Compounds 1, 2, and 3 induce ROS levels. HT-29 cells were treated with 1 (50 nM), 2 (250 nM), and 3 (500 nM) representing their respective IC₅₀ for cell growth inhibition, for 1 h followed by staining with a general ROS probe DCFDA (A) or DHE which detects superoxide anions in cells (B). Values are the mean ± SEM of three independent experiments. *P < 0.05 compared to vehicle-treated controls, comparison between treatment groups was performed by one-factor analysis of variance (ANOVA) followed by Tukey’s test for multiple comparisons.

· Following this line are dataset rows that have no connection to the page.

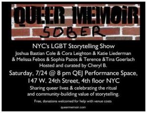 Well, we have our very first guest curated Queer Memoir! This Saturday July 24 at 8 PM.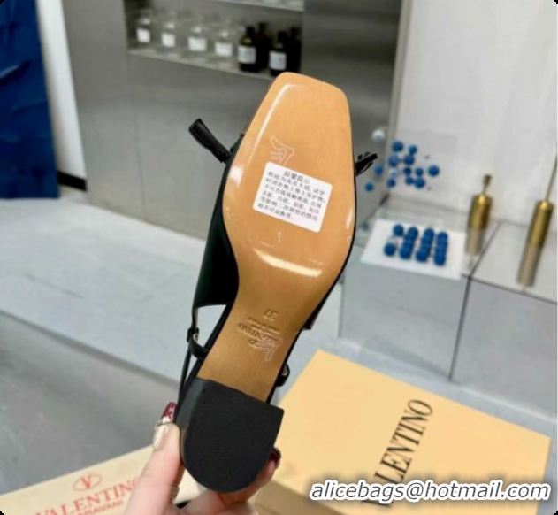 Top Grade Valentino VALET DU ROI Slingbacks Pump 6cm in Calfskin Leather with Tassel Bow Black/Brown 1215039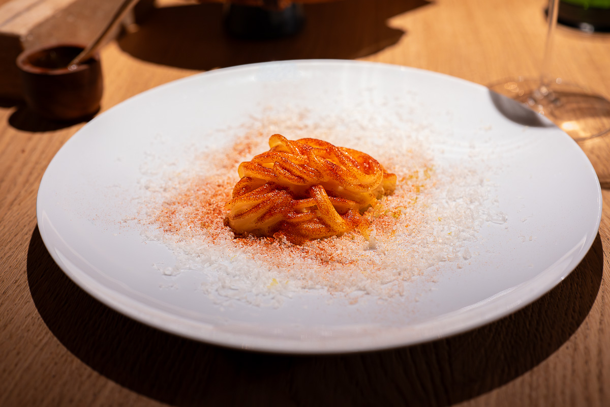 O spaghetto Gerardo Di Nola com manteiga francesa e Parmigiano 36 meses é, segundo o próprio Bukri, um dos dois únicos pratos presentes em todos os menus. Percebe-se porquê. Cheira a Parmigiano e Pimentão de La Vera antes de qualquer garfada, o ponto da pasta é exímio e por fim o limão, descoberto no fundo ao envolver os fios, transforma o conjunto, mais fresco, mais leve, mais depurado. Uma transformação de um clássico, um prato que carrega o suporte dos mestres na cozinha de Ronald. Quem conhece, reconhece, e percebe. Quem não conhece, não precisa saber, é um admirável mundo novo construído com base no passado.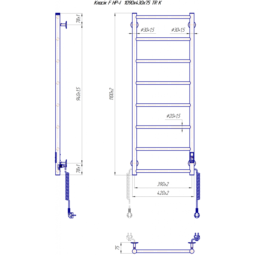 Електросушарка для рушників побутова Класік F НР-I 1090х430/75 TR K.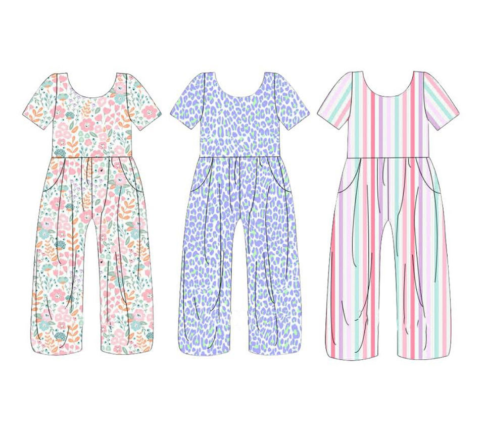 ชุดจั๊มสูทขายาวทรงขากว้างพิมพ์ลายดอกไม้สไตล์ลำลอง ระบายอากาศได้ดี สีสันสดใส สำหรับเด็ก แบบพี่น้องเข้าชุด ขายส่ง ผ้าฝ้าย 95% สแปนเด็กซ์ 5%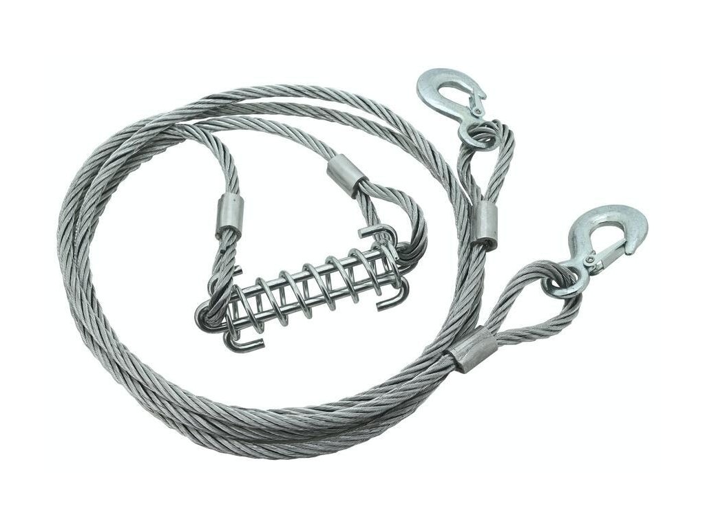 Ocelové lano s háky a pružinou pro tlumení rázů, je navrženo pro spolehlivé a bezpečné vyproštění vozidel.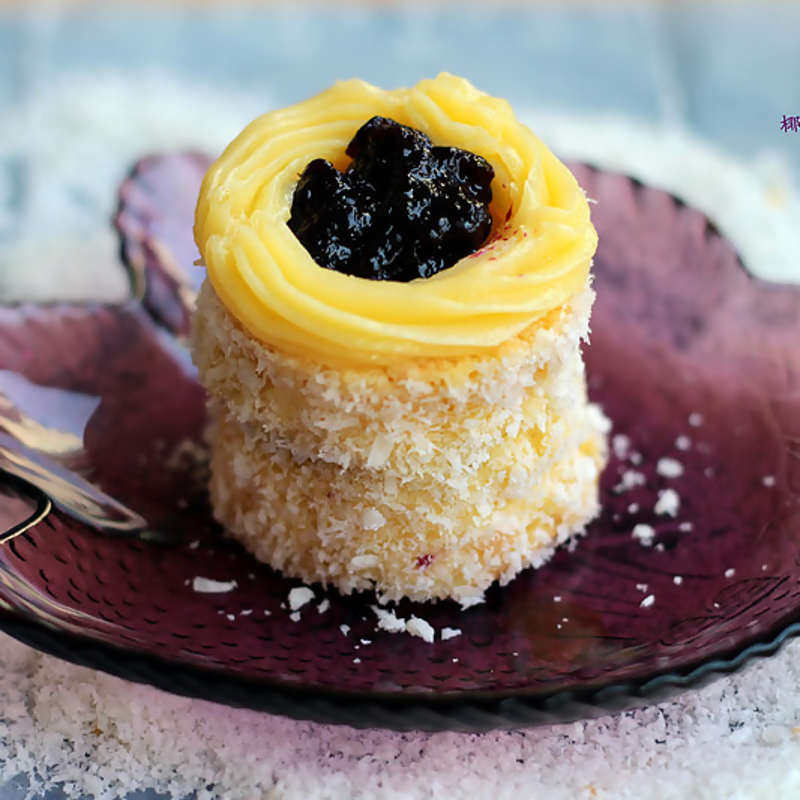椰蓉适量(表面装饰);黄油80克;糖粉35克;自制蓝莓果酱适量;

In summary, the positional isomers of NOSH-aspirin and their analogs (1–9) inhibited the growth of two human colon cancer cell lines with moderately low IC₅₀s. The growth inhibitory effects of 1, 2, and 3, was associated with G₁ to S cell cycle arrest, inhibition of proliferation and induction of apoptosis. At 1× IC₅₀, 1, 2, and 3, significantly reduced the proportion of cells in S phase and blocked DNA synthesis inhibiting cell renewal, whereas at 2× IC₅₀, 1, 2, and 3, induced cell death. Thus, the proapoptotic effect of 1, 2, and 3, suggests strong antineoplastic potential. Oxidative stress is produced in cells when there is disturbance in the equilibrium between ROS formation and endogenous antioxidant defense mechanisms. In general, cancer cells have high constitutive oxidative stress levels³⁰ and may be pushed over a threshold to cell death by exogenous ROS. In our study, 1, 2, and 3 induced cell cycle changes and apoptosis in HT-29 cells, which was associated with parallel increases in ROS and superoxide anion levels, thus favoring cell death.

In conclusion, 1, 2, and 3, suppressed growth of HT-29 cells by induction of apoptosis and alteration of cell cycle phases. This effect correlated with induction of ROS. Therefore, 1, 2, and 3 demonstrate anti-cancer potential against colon cancer and warrant further study.